*AIM OF THE TASK*:
Each entry that follows is to be duplicated exactly, without its images.

DATASET Start Marker

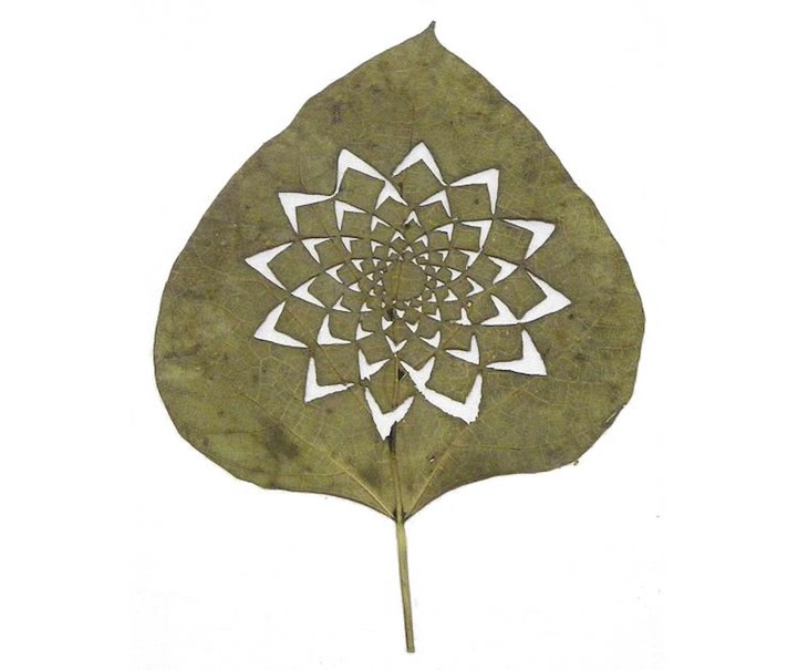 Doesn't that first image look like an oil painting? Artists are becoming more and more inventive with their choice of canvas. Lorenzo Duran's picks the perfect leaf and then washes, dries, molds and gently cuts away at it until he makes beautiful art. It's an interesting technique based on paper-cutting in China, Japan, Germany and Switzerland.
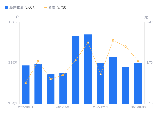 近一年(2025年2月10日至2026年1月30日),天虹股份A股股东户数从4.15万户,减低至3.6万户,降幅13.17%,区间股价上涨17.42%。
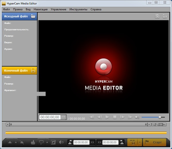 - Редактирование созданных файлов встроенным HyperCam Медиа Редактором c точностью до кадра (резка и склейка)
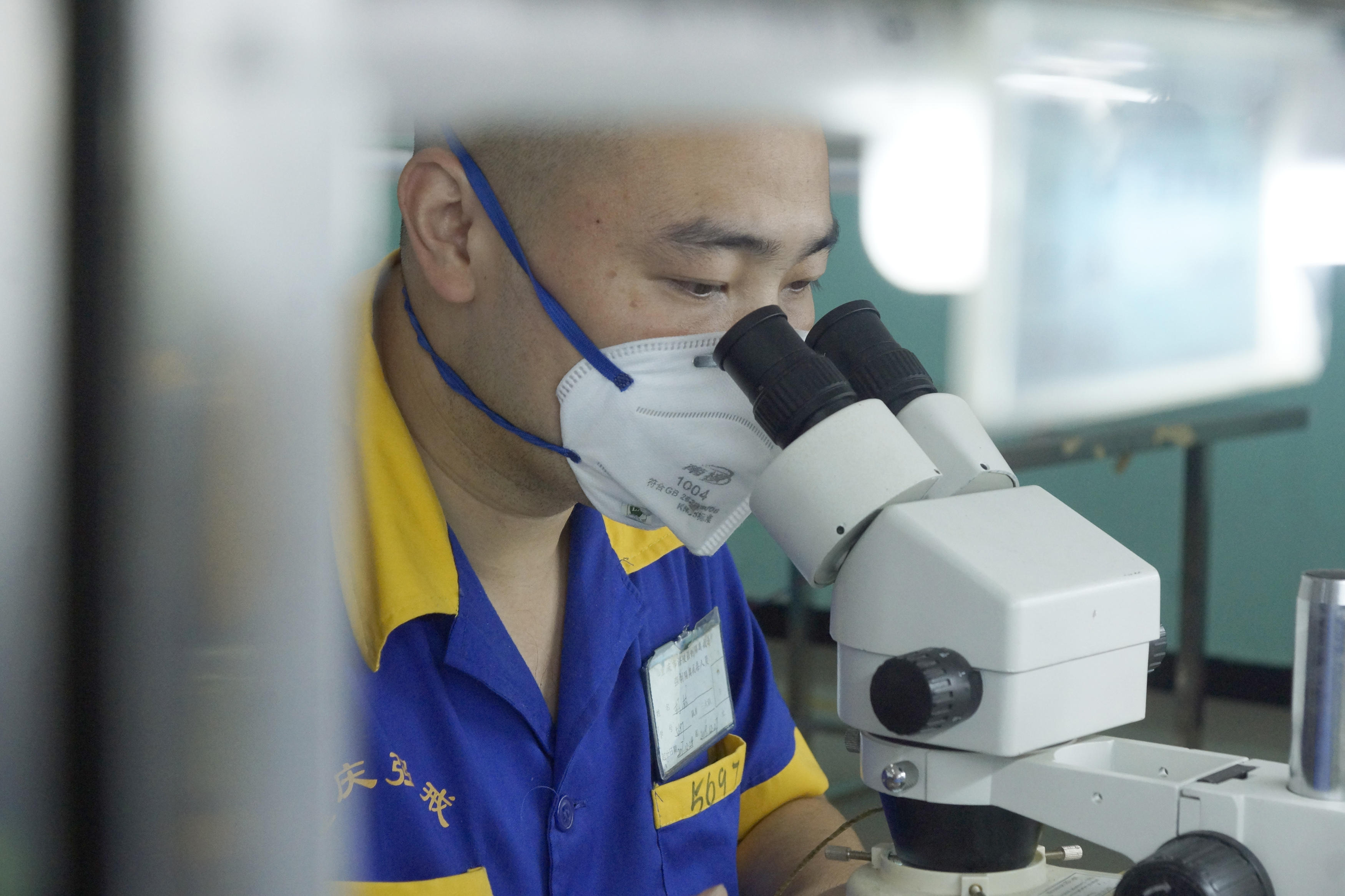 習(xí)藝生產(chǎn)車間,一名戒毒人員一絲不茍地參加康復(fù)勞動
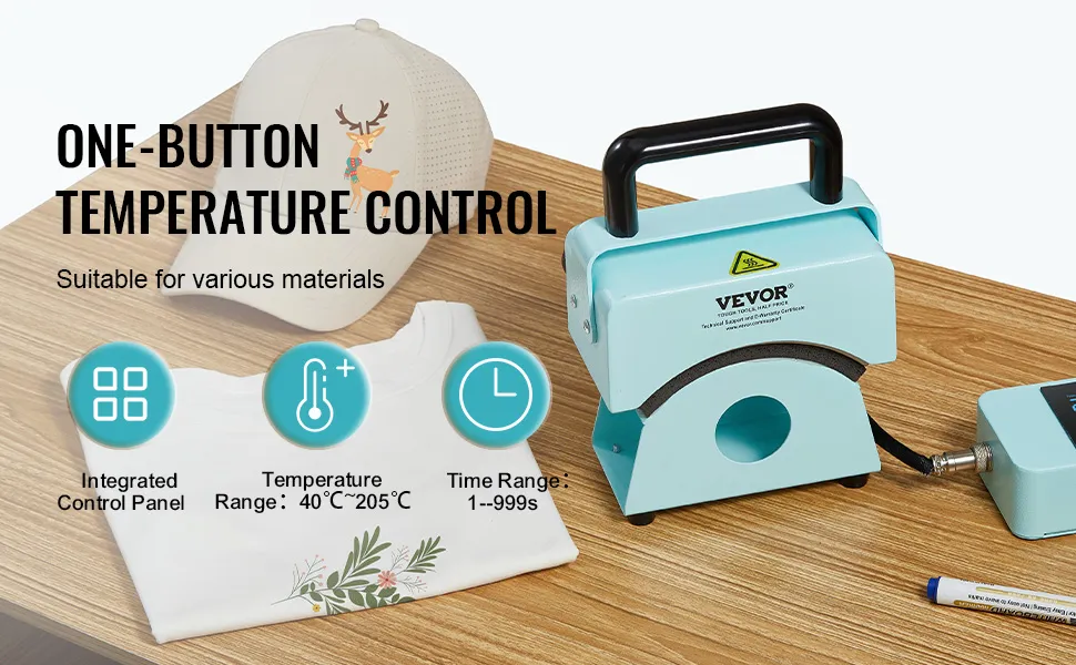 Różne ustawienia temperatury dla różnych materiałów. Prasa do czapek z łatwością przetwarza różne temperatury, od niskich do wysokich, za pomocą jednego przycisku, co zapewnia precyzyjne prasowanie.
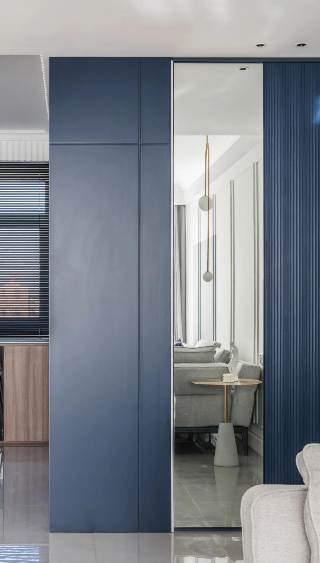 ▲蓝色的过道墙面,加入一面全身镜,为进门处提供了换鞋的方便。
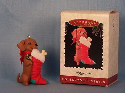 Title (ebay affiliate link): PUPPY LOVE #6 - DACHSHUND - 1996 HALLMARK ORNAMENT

DATASET End Marker

*ANSWER AREA*:
 Doesn't that first image look like an oil painting? Artists are becoming more and more inventive with their choice of canvas. Lorenzo Duran's picks the perfect leaf and then washes, dries, molds and gently cuts away at it until he makes beautiful art. It's an interesting technique based on paper-cutting in China, Japan, Germany and Switzerland.
 近一年(2025年2月10日至2026年1月30日),天虹股份A股股东户数从4.15万户,减低至3.6万户,降幅13.17%,区间股价上涨17.42%。
 - Редактирование созданных файлов встроенным HyperCam Медиа Редактором c точностью до кадра (резка и склейка)
 習(xí)藝生產(chǎn)車間,一名戒毒人員一絲不茍地參加康復(fù)勞動
 Różne ustawienia temperatury dla różnych materiałów. Prasa do czapek z łatwością przetwarza różne temperatury, od niskich do wysokich, za pomocą jednego przycisku, co zapewnia precyzyjne prasowanie.
 ▲蓝色的过道墙面,加入一面全身镜,为进门处提供了换鞋的方便。
 Title (ebay affiliate link): PUPPY LOVE #6 - DACHSHUND - 1996 HALLMARK ORNAMENT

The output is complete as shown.